[[ RECORDS FOR THE EXERCISE, beginning ]]
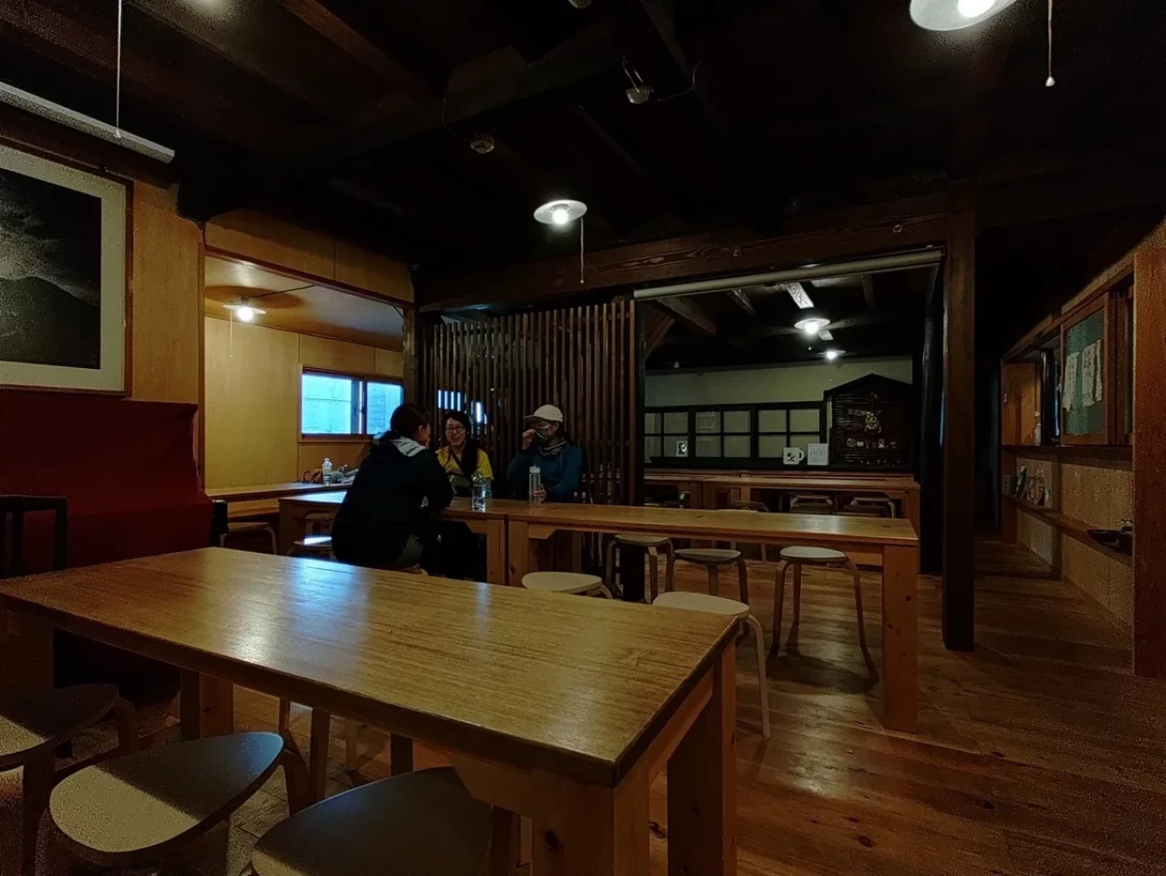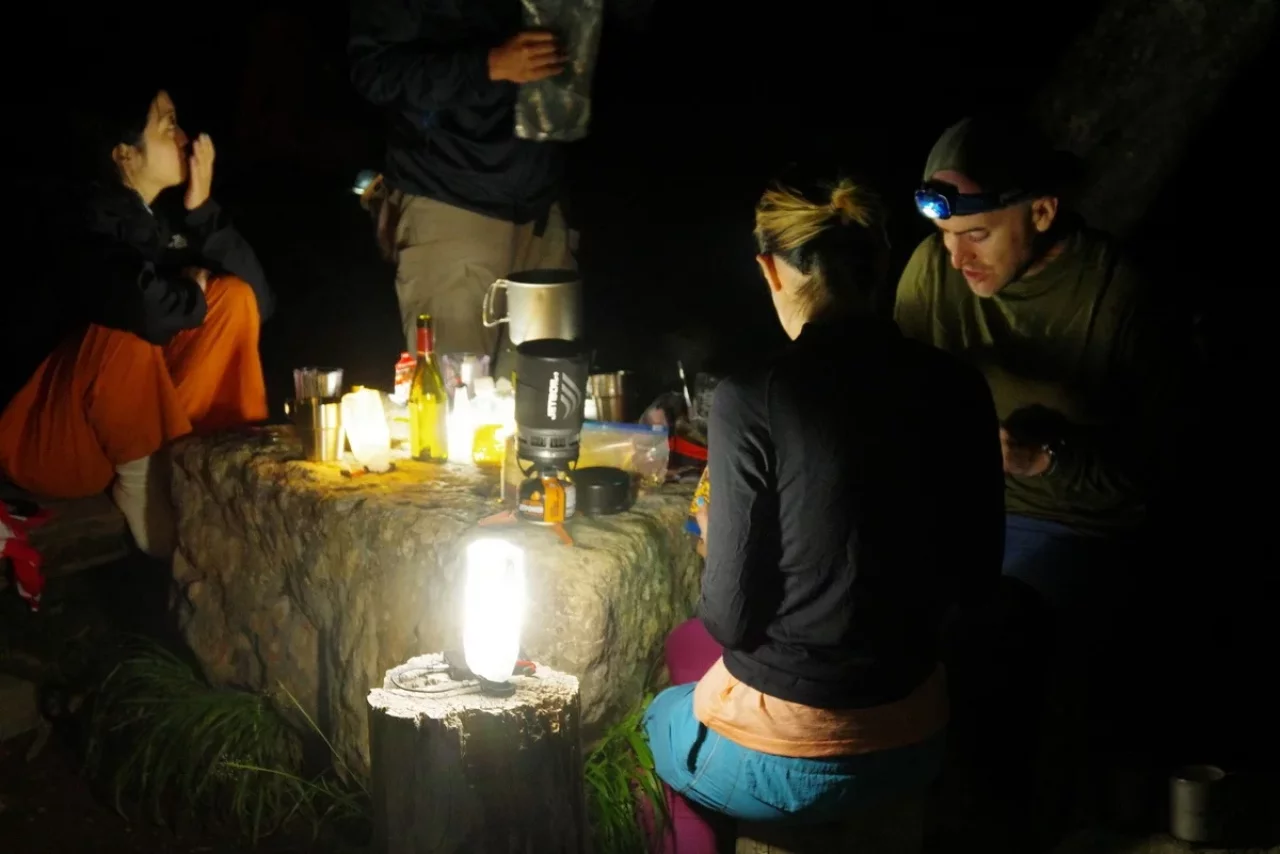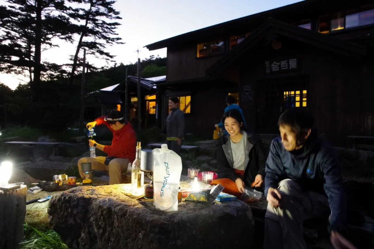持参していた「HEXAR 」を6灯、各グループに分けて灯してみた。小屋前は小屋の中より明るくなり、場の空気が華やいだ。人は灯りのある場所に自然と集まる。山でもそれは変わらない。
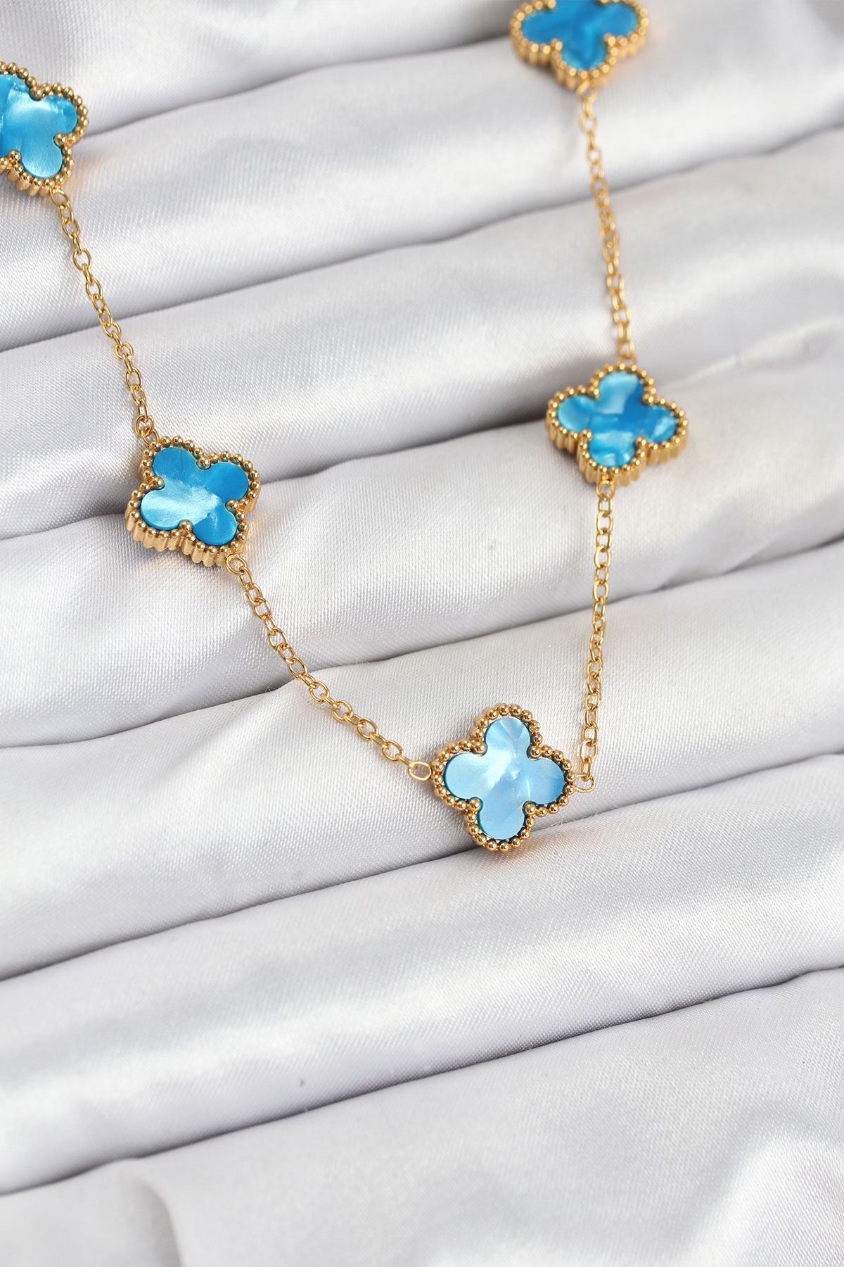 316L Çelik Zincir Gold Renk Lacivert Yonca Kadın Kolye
[[ RECORDS FOR THE EXERCISE, end ]]
[[ RECORDS FOR THE EXERCISE, beginning ]]
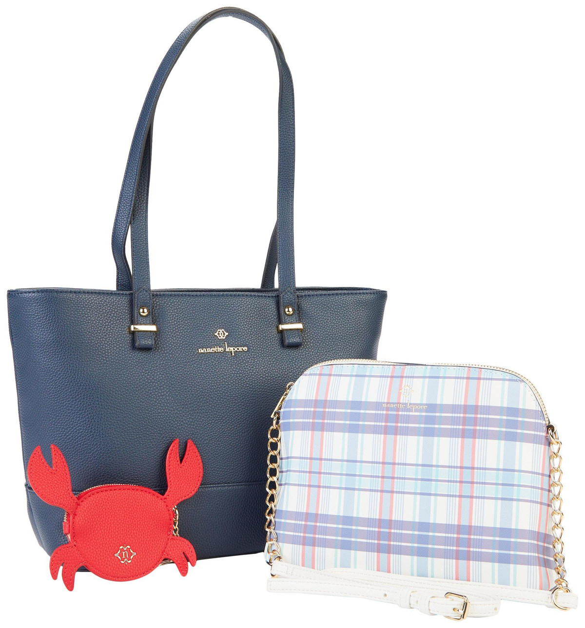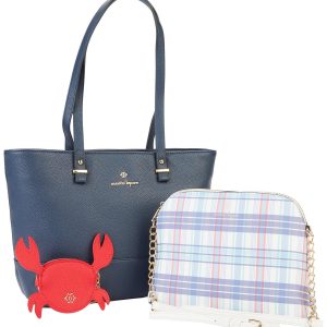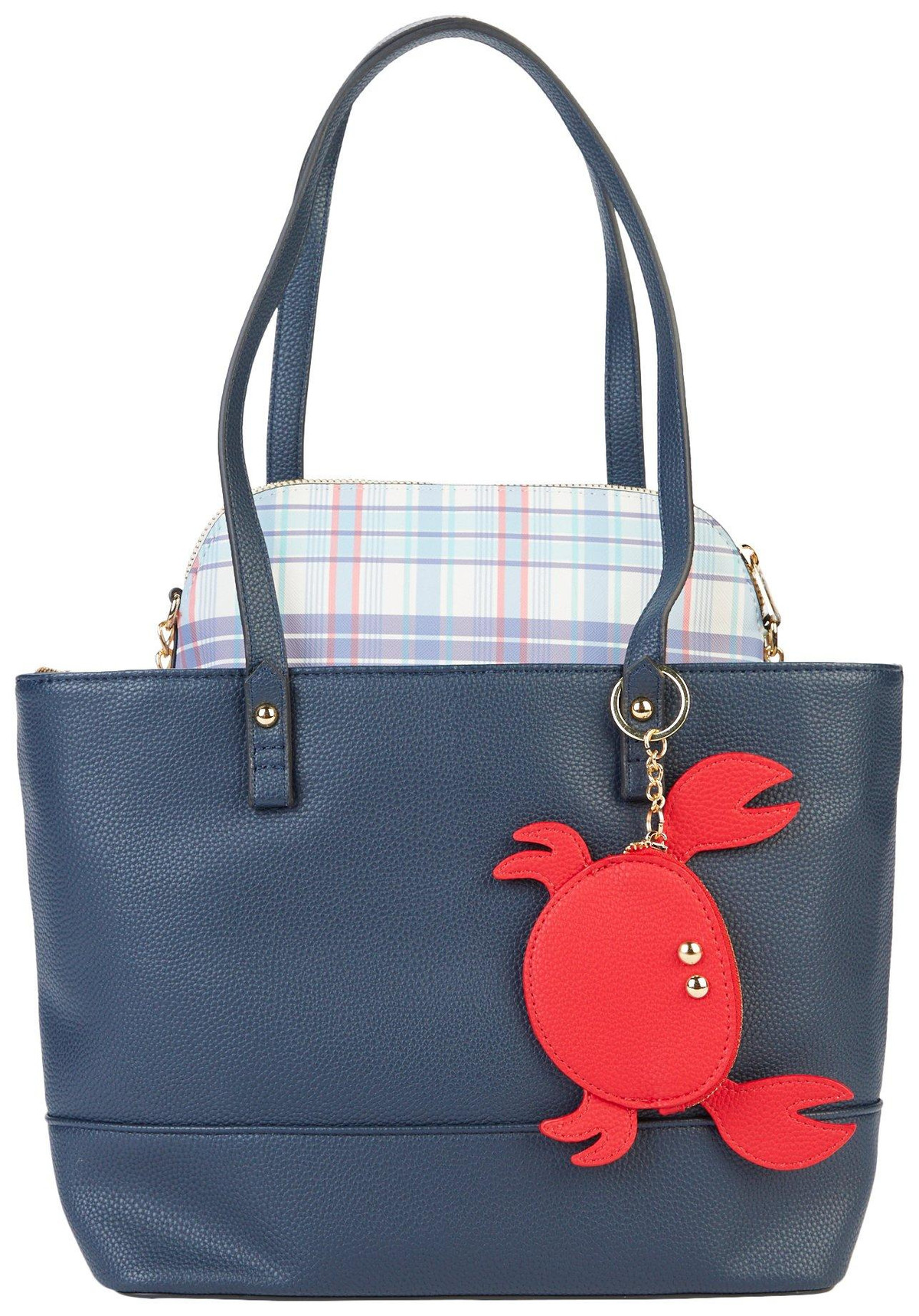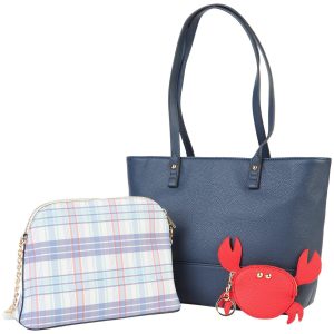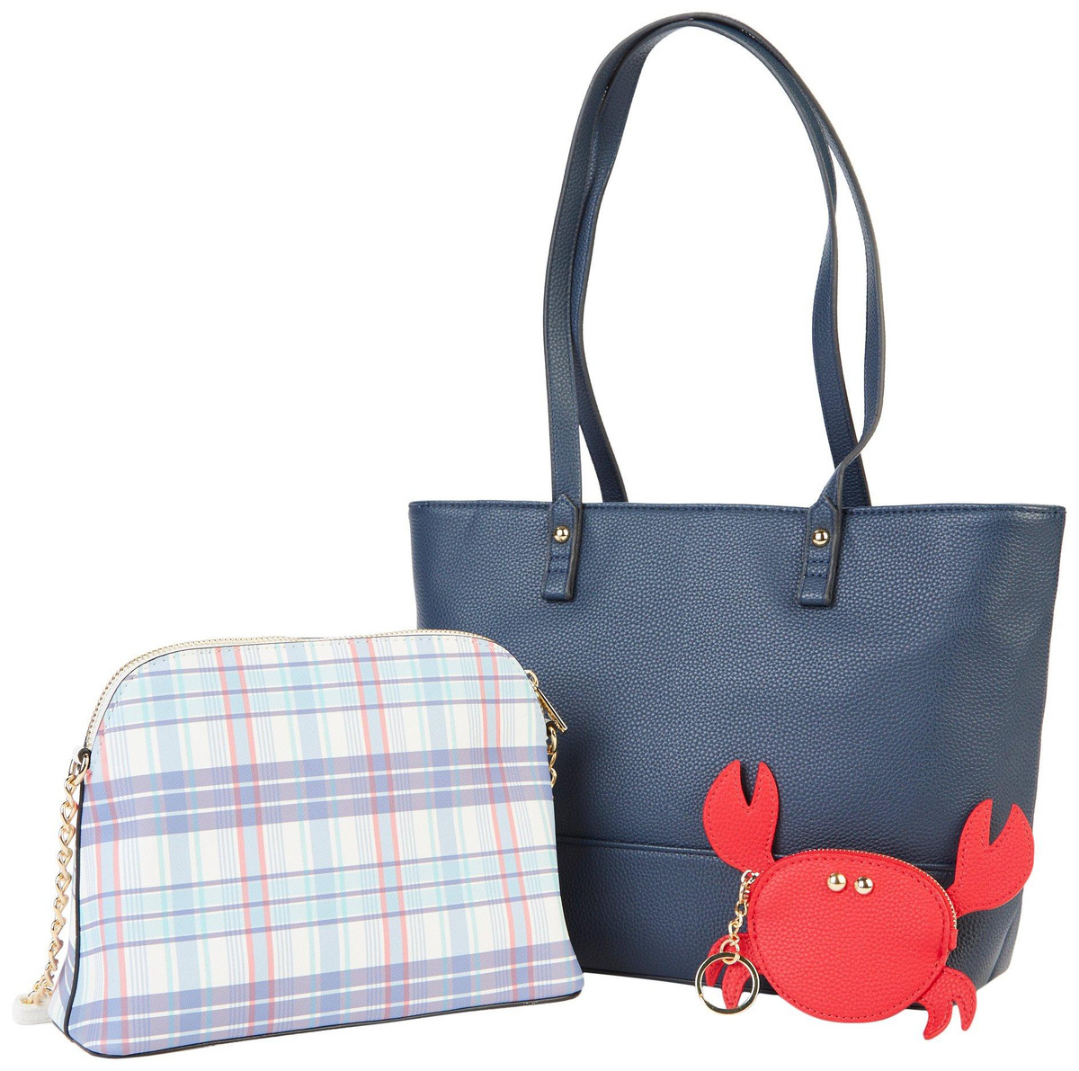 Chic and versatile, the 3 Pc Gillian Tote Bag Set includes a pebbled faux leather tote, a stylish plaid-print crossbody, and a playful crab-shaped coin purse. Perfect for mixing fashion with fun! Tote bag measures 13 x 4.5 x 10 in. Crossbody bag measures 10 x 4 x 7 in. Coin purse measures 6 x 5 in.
[[ RECORDS FOR THE EXERCISE, end ]]
[[ RECORDS FOR THE EXERCISE, beginning ]]
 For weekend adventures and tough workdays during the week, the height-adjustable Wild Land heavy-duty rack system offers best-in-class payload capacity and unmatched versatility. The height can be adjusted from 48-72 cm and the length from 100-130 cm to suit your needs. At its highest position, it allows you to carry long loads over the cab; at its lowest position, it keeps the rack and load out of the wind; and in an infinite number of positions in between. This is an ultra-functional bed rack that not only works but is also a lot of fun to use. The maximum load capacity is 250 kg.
[[ RECORDS FOR THE EXERCISE, end ]]
WHAT NEEDS TO BE DONE:
Copy word for word the span of the records above that begins at the line with "持参していた「HEXAR 」" and ends at the line with "316L Çelik Zincir", including those two lines but not the pictures.

COMPLETED TASK:
持参していた「HEXAR 」を6灯、各グループに分けて灯してみた。小屋前は小屋の中より明るくなり、場の空気が華やいだ。人は灯りのある場所に自然と集まる。山でもそれは変わらない。
 316L Çelik Zincir Gold Renk Lacivert Yonca Kadın Kolye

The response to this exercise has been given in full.